Notice how the choise of endianess here was done at COMPILATION TIME (since we create little_endian_reader object), so we invoke the virtual method overhead for no particularly good reason, so I wouldn't go with this approach. ;-)

At this stage there is no real reason to keep the "fileformat struct" around as-is, you can organize the data to your liking and not necessarily read it into any specific struct at all; after all, it's just data. When you read files like images, you don't really need the header around.. you should have your image container which is same for all file types, so the code to read a specific format should just read the file, interpret and reformat the data & store the payload. =)

I mean, does this look complicated?

uint32 xsize = buffer.read<uint32>();
uint32 ysize = buffer.read<uint32>();
float aspect = buffer.read<float>();

The code can look that nice, and be a really low-overhead! If the endianess is same for file and architecture the code is compiled for, the innerloop can look like this:

uint32 value = *reinterpret_cast<uint32*>)(ptr); ptr += 4;
return value;

That might be illegal on some architectures, so that optimization might be a Bad Idea, and use slower, but more robust approach:

uint32 value = ptr[0] | (static_cast<uint32>(ptr[1]) << 8) | ...; ptr += 4;
return value;

On a x86 that can compile into bswap or mov, which is reasonably low-overhead if the method is inlined; the compiler would insert "move" node into the intermediate code, nothing else, which is fairly efficient. If alignment is a problem the full read-shift-or sequence might get generated, outch, but still not too shabby. Compare-branch could allow the optimization, if test the address LSB's and see if can use the fast or slow version of the parsing. But this would mean penalty for the test in every read. Might not be worth the effort.
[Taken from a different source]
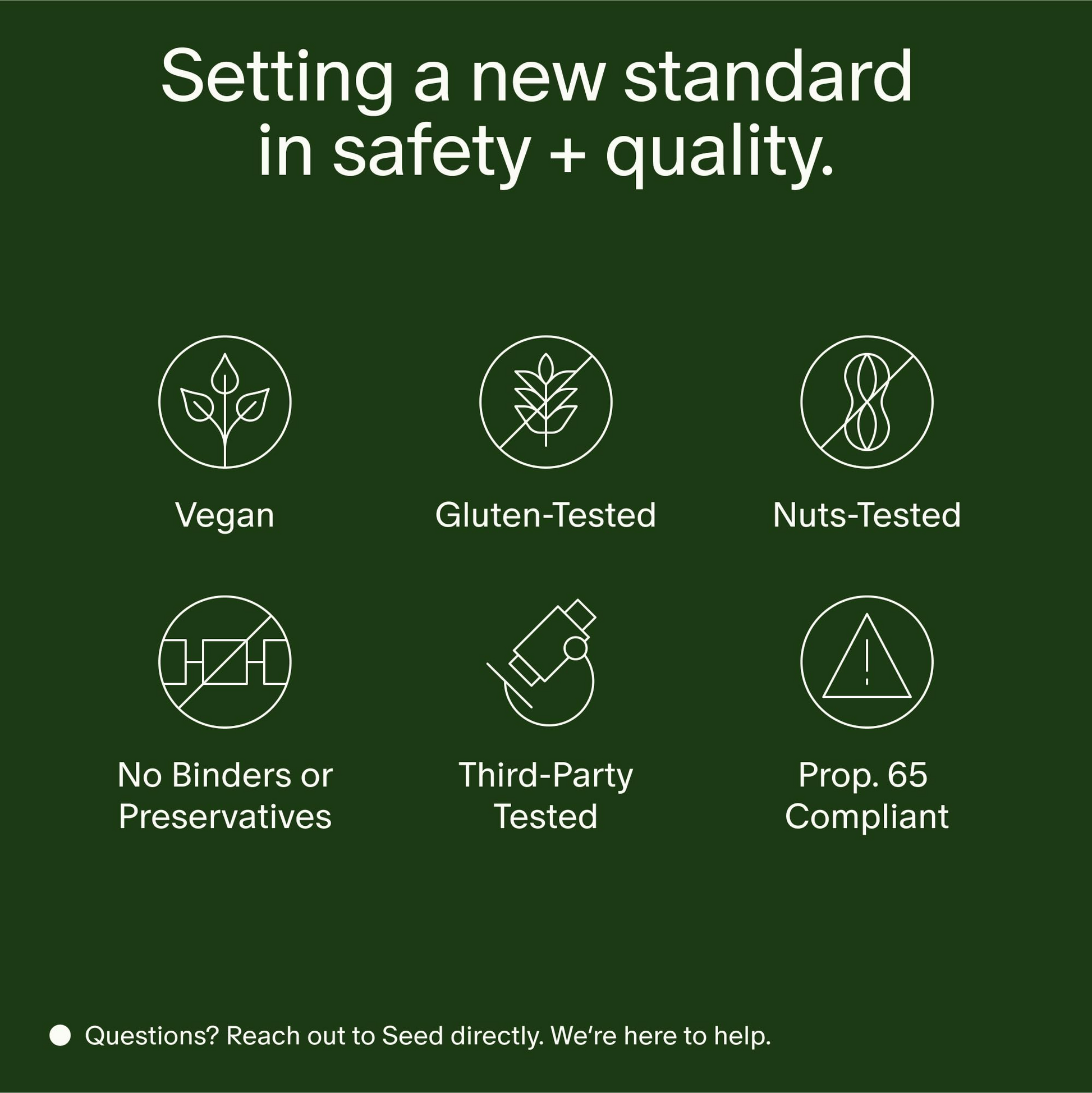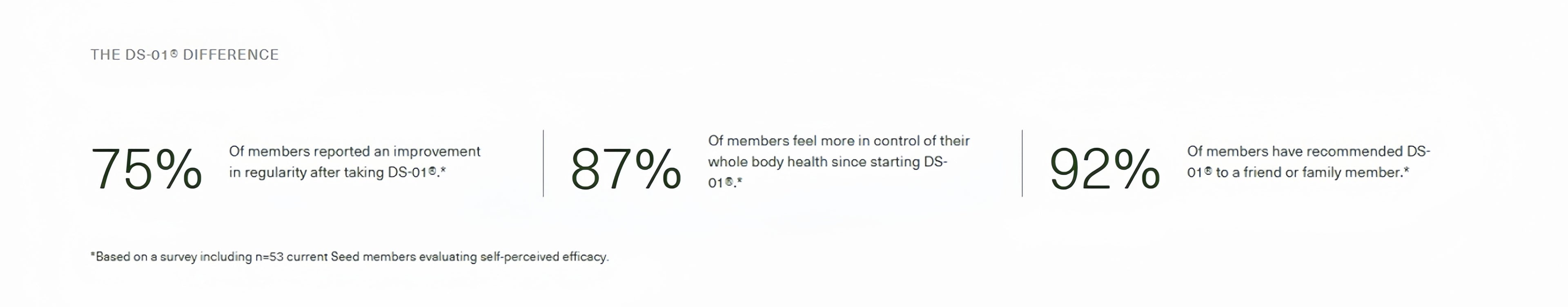 Your monthly subscription includes a 30-day supply of DS-01®. Your first month’s shipment is your Welcome Kit. It includes a reusable glass jar holding your first month’s supply, some Seed reading materials, and a complimentary travel vial that holds a week’s worth of your DS-01®, so you never miss a day on the go.

Oh, right, we are reading HEADERS and stuff, I don't think that is a bottleneck in too many applications. If some codec is doing some really TIGHT innerloop, again, reading into a temporary buffer and decoding from there is well-adviced. Same principle.. no one reads byte-at-time from file when processing a large volume of data. Well, actually, I seen that kind of code very often and the usual reply to "why you do it" is that the file systems do block reads and that the bytes come from memory anyway, true, but they go through a deep call stack which is high-overhead for getting a few bytes!

Still, write the parser code once and use zillion times -> epic win.

Reading directly into struct from a file: DON'T DO IT FOLKS!